Judge Susswein continued in relevant part: The circumstances in Haymond that prompted the Court to find an Apprendi violation are clearly distinguishable from the case before us. In stark contrast to § 3583(k), N.J.S.A. 2C:35-14(f) does not prescribe a new mandatory minimum sentence. Rather, our statute incorporates by reference the minimum and maximum sentences that could have been imposed originally based on defendant’s conviction. Specifically, N.J.S.A. 2C:35-14(f)(4) provides that if the court permanently revokes the defendant’s special probation pursuant to this subsection, the court shall impose any sentence that might have been imposed, or that would have been required to be imposed, originally for the offense for which the person was convicted or adjudicated delinquent.

Importantly, the Haymond plurality distinguished the defective federal supervised release statute at issue before it from probation and parole, which it noted “have usually been understood to comport with the Fifth and Sixth Amendments.” Haymond, 588 U.S. __, 139 S. Ct. at 2381 (plurality opinion). The plurality explained that probation and parole comply with Apprendi principles because, upon finding a violation, “a judge generally could sentence the defendant to serve only the remaining prison term authorized by statute for his or her original crime of conviction.” Id. at 2382. “Thus, a judge could not imprison a defendant for any longer than the jury’s factual findings allowed-a result entirely harmonious with the Fifth and Sixth Amendments.” Ibid. New Jersey’s special probation revocation law is just the sort of traditional probation statute the Haymond plurality deemed “to comport with the Fifth and Sixth Amendments.” Id. at 2381.
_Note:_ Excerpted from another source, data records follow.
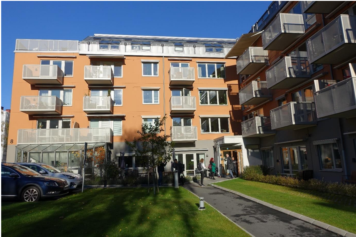
Under samma tak, i Göteborg.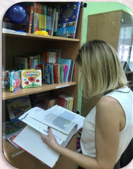
Подбор литературы и наглядно-демонстративного материала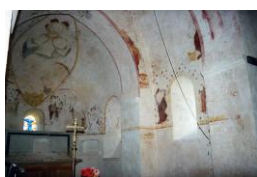
Montaron, église Notre-Dame de L'Assomption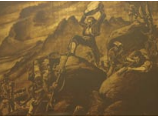
4. Batalla del Bruc , pintura de gran dimensions situada a l'escala de l'Ajuntament de Manresa de l'autor Pujol Vilajosana, l'any 1946

qual es conserva una placa commemorativa instal·lada arran del centenari dels fets. Dins de l'edifici, a les escales es pot veure la pintura de grans dimensions sobre les batalles del Bruc pintada per Pujol Vilajosana el 1946 i al vestíbul d'Alcaldia hi destaquen tres pintures més: una interpretació de la crema del paper segellat feta per Francesc Cuixart el 1897 i el retrat dels dos ciutadans il·lustres que van destacar en la contesa: el canonge Montanyà i Maurici Carrió.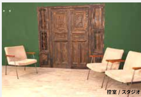
控室 / スタジオ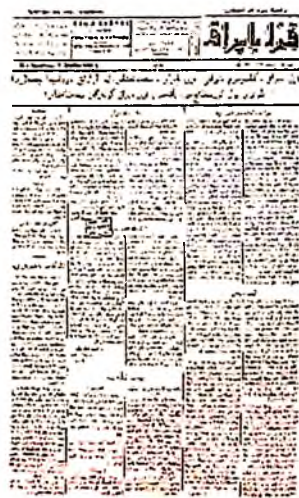
7-а расм. Татар аёллари ўз мақолалари билан мунтазам иштирок этган “Иштирокиюн” (1919–1920), “Қизил Байроқ” (1922) газеталари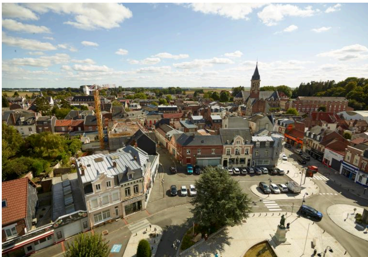
Vue aérienne depuis le beffroi de l'hôtel de ville, vers les rues de Péronne et Briquet-Taillandier. Vue actuelle.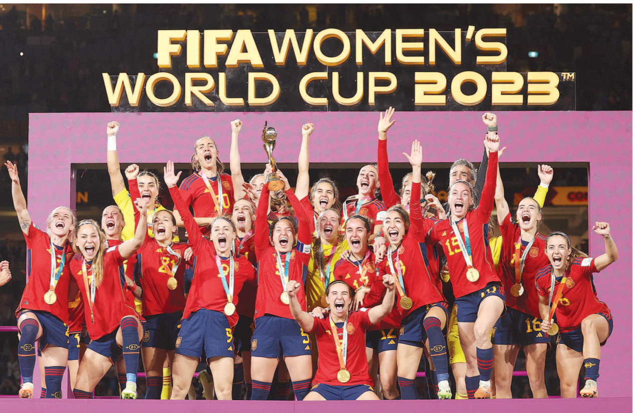
西班牙女足庆祝夺冠，西班牙成为继德国后第二个包揽男女足世界杯冠军的国家。

与西班牙共演这场“欧洲德比”的英格兰队，同样得益于青训和联赛的支撑，在过去几年间取得飞速进步。女足英超联赛的成功，很大程度上推动了整个欧洲女子职业联赛乃至世界女足的快速发展。加上获得季军的北欧劲旅瑞典队，欧洲球队包揽了本届世界杯前三名。随着欧洲女子职业联赛逐渐成熟，世界女子足坛的格局已进入新时代。

It is also noteworthy that when describing the maximum allowable sentence following a violation of supervised release, the Haymond plurality made no mention of the non-custodial portion of the sentence. The plurality opinion, in other words, does not pronounce, or even intimate, that as a matter of constitutional imperative, the time a defendant has already spent out of prison on supervised release must be added to the custodial sentence for purposes of determining whether the prescribed statutory maximum has been exceeded.

The panel’s focus on what the federal constitution requires is consistent with a federalization that has occurred in our state courts in recent years. Our state constitution has historically provided greater constitutional protections than the analogous federal provisions.